Green’s father committed suicide seven years ago. Green and his family had no idea why. This documentary follows Green’s exploration of why his father killed himself and aims to shed some light on why  suicide is the biggest killer of men under 45 in the UK.

Green has greater authority than the other BBC Three presenters due to his intimate experience with the subject. He speaks to his father’s friends in order to find out the truth. It is revealed that none of them knew he was depressed, alluding to the bigger idea that men are less likely to talk to their friends about their emotions.

We follow Green around various housing estates in North East London as he meets up with the senior citizens of Hackney. Whilst exploring mental health among men, it also catalogues the recent history of London’s estates. Debbie, Green’s aunt, tells us how she was brought up in a two-bed flat with a family of eight.

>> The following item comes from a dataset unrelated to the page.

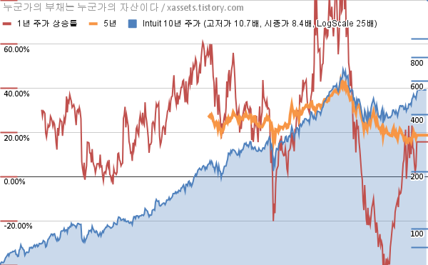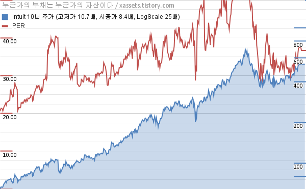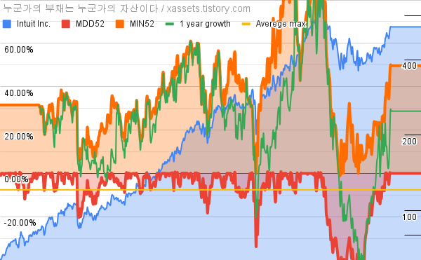 - 포스팅일 기준, 인튜이트의 1, 3, 5, 10년 연평균 주가상승률은 15.74%, 14.46%, 18.79%, 23.20%이다.

Suicide and Me is a documentary presented by Green, whilst simualtaneously being about him. It creates a touching insight into one man’s life, which has been marred by tragedy, punctuated by personal sadness and framed by adequate success. Suicide and Me discusses a subject that is yearning to be addressed. Outwardly, Green seems a strange choice to present anything really, but in this context he works well. He is sympathetic and emotionally open to the audience.

By Frances Roe

Frances Roe is a 4th year English Literature student and Editor of the TV & Radio section.